**What you will do:** In the entries below, find the line with "Sylvie, a miniature" and the line with "Muara Kaman, 21". Repeat exactly everything between them, those two lines included, but not the pictures.

**Dataset entries:**
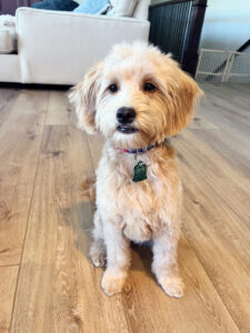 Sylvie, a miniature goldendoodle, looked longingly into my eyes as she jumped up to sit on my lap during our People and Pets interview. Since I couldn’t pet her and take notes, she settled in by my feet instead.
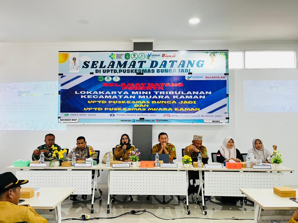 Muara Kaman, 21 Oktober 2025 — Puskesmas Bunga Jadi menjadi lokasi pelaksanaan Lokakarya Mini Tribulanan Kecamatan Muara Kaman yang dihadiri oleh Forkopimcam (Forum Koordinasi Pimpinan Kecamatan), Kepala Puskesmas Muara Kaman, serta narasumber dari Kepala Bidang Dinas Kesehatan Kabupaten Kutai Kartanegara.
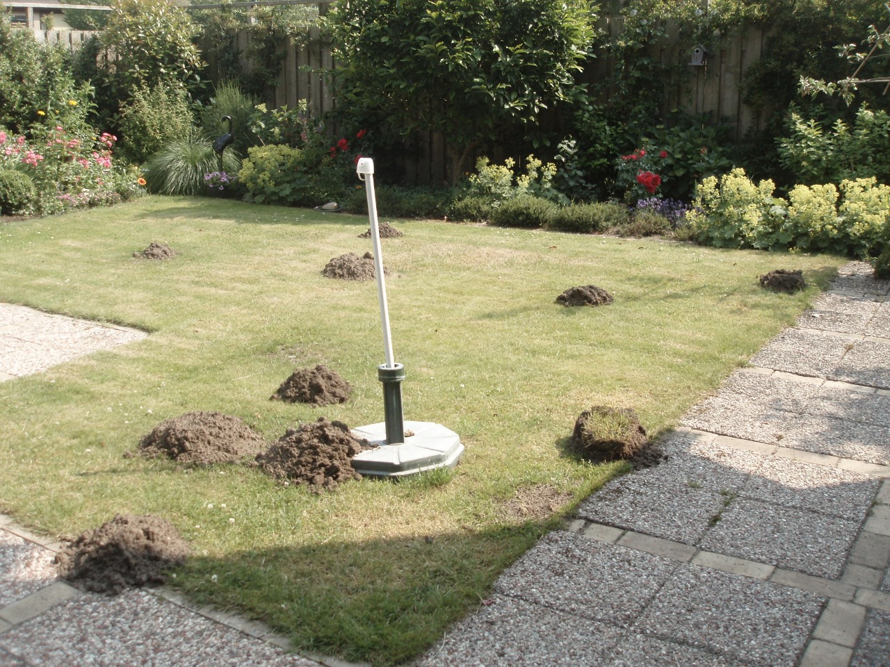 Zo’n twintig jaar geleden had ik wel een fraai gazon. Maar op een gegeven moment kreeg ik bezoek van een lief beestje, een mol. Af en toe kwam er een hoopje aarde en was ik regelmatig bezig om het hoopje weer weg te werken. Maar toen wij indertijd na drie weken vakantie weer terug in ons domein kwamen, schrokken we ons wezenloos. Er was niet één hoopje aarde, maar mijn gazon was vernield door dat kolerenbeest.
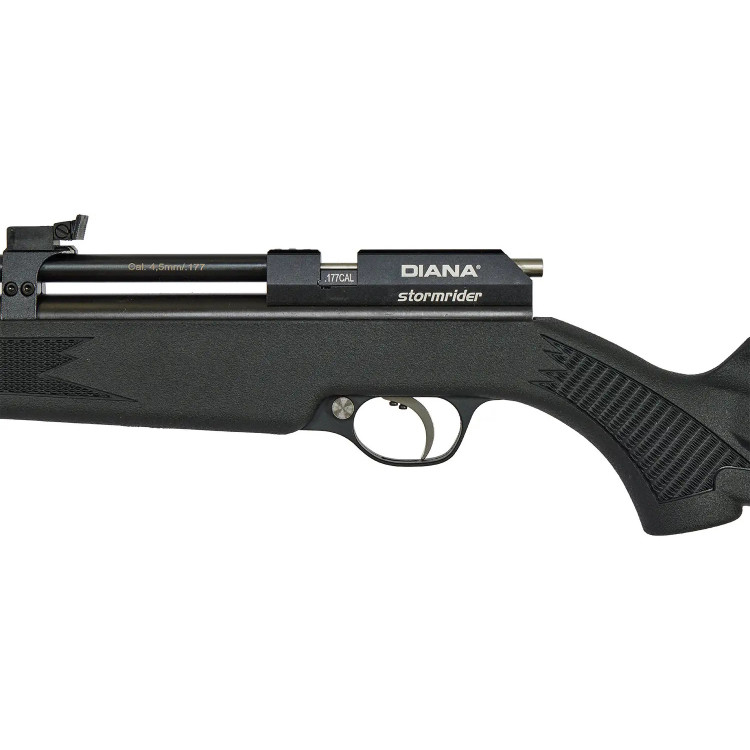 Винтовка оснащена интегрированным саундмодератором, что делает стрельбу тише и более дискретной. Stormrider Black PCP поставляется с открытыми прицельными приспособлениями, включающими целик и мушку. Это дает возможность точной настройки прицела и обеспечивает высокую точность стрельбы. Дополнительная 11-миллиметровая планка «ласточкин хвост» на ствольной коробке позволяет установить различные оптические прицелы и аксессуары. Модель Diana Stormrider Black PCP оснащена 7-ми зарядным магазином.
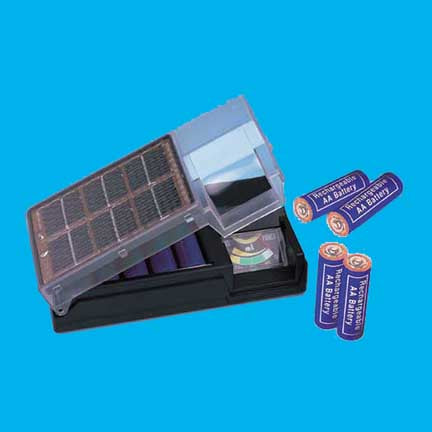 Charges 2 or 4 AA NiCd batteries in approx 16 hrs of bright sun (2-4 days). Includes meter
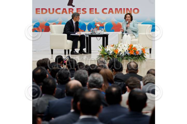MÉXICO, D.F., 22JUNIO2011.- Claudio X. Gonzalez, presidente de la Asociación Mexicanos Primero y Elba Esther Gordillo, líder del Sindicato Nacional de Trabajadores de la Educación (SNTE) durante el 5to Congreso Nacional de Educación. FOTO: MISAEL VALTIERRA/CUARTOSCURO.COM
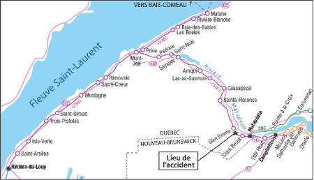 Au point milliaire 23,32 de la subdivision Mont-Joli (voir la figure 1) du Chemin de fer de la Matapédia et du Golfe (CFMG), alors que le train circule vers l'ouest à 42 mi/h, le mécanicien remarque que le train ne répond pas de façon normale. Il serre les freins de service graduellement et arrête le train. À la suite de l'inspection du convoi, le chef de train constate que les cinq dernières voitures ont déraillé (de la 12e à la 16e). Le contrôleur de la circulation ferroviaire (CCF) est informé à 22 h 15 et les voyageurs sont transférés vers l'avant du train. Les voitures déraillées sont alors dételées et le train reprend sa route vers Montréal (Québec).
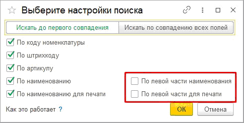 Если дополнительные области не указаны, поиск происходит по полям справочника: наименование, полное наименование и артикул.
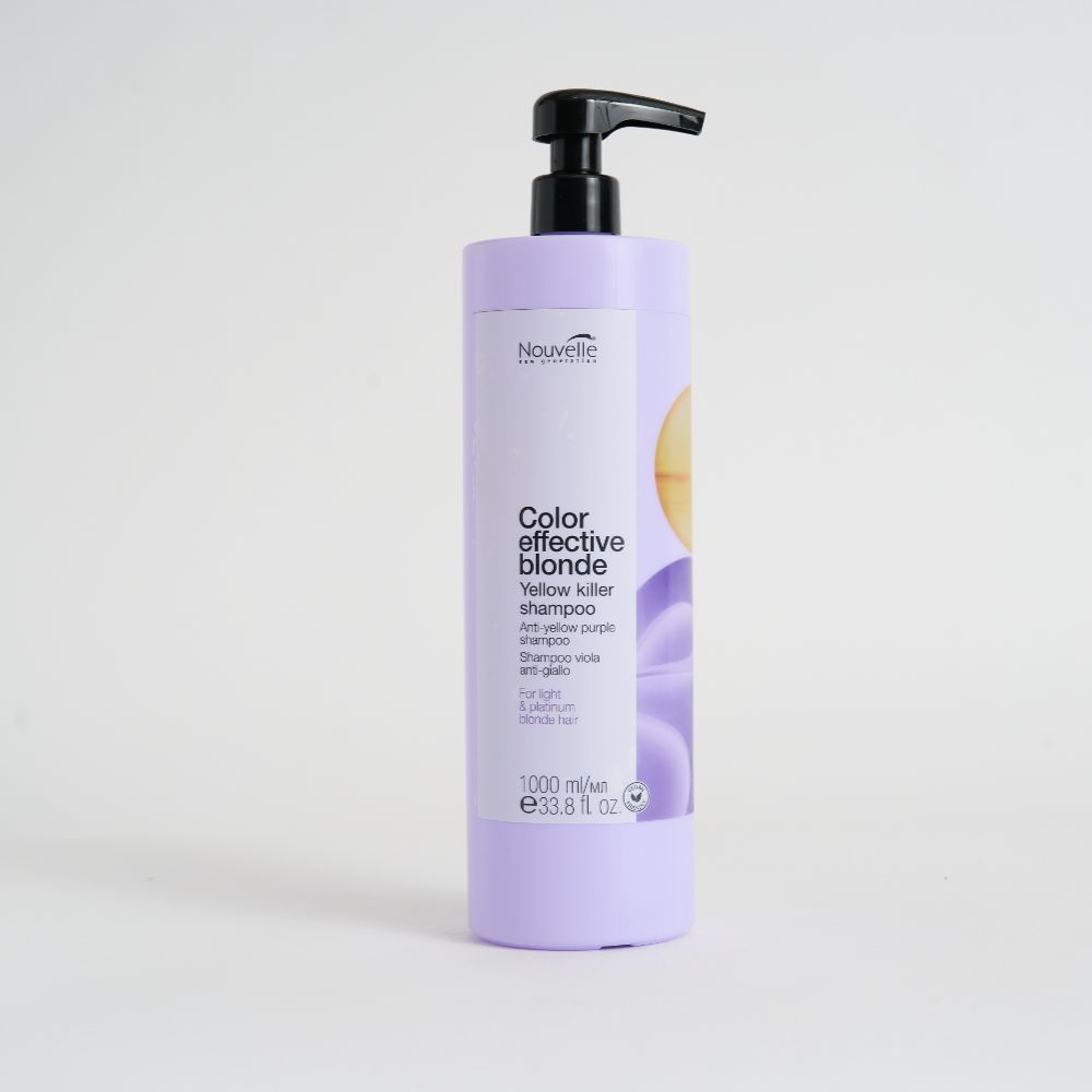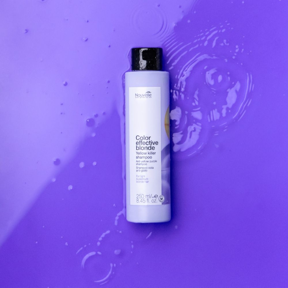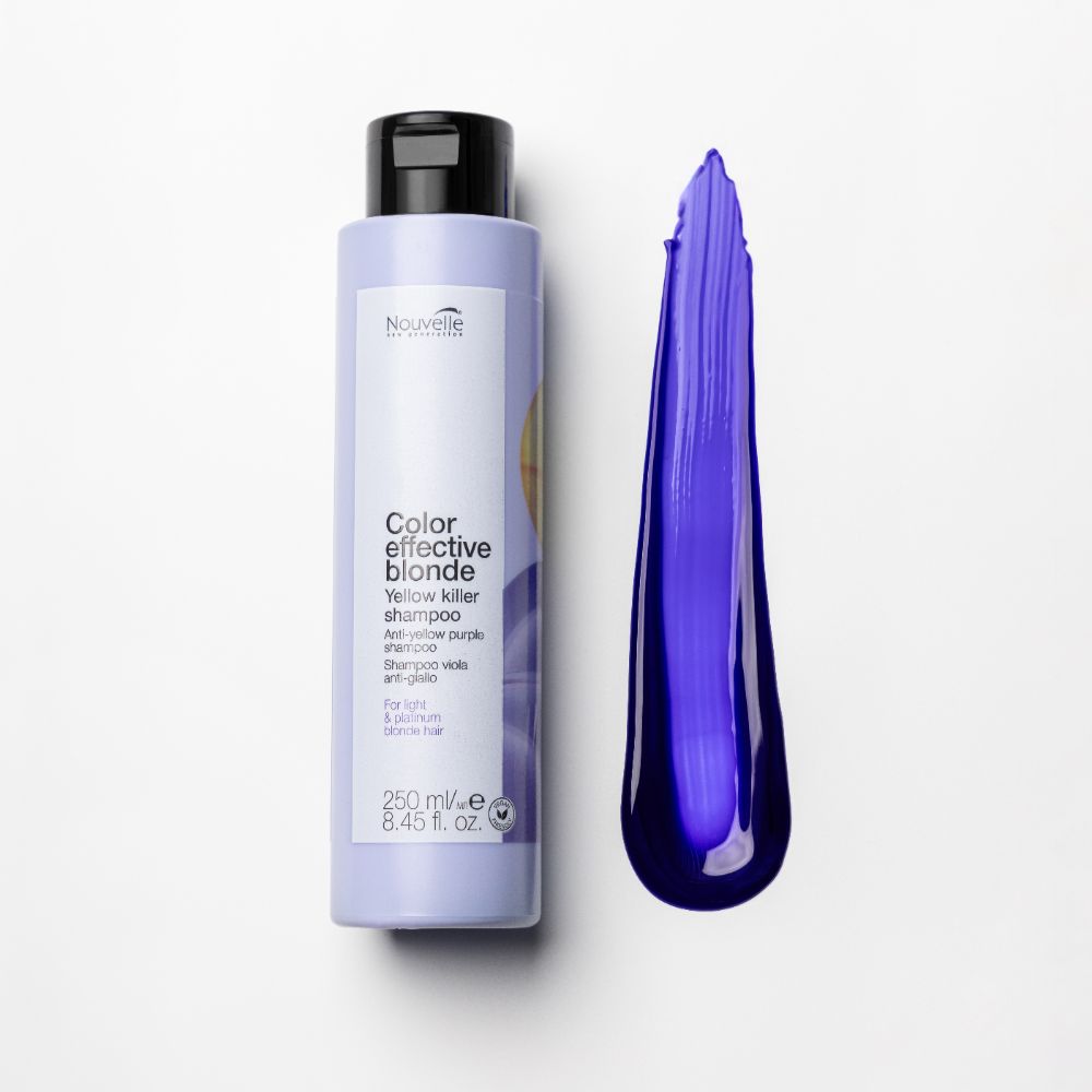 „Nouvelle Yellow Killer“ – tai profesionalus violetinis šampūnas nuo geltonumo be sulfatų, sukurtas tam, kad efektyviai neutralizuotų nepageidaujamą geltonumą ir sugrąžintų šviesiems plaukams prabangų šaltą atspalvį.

---

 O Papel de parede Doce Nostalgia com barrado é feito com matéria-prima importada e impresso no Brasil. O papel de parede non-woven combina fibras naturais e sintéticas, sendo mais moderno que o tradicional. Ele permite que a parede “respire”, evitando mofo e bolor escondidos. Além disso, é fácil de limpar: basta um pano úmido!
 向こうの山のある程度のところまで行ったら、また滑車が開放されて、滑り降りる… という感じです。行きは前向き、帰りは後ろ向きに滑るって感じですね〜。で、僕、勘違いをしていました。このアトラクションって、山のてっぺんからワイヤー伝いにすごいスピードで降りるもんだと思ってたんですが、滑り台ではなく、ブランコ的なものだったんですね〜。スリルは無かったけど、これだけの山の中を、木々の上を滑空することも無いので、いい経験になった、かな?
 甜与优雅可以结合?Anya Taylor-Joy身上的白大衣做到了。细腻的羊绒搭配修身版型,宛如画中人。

**Completed exercise:**
 Sylvie, a miniature goldendoodle, looked longingly into my eyes as she jumped up to sit on my lap during our People and Pets interview. Since I couldn’t pet her and take notes, she settled in by my feet instead.
 Muara Kaman, 21 Oktober 2025 — Puskesmas Bunga Jadi menjadi lokasi pelaksanaan Lokakarya Mini Tribulanan Kecamatan Muara Kaman yang dihadiri oleh Forkopimcam (Forum Koordinasi Pimpinan Kecamatan), Kepala Puskesmas Muara Kaman, serta narasumber dari Kepala Bidang Dinas Kesehatan Kabupaten Kutai Kartanegara.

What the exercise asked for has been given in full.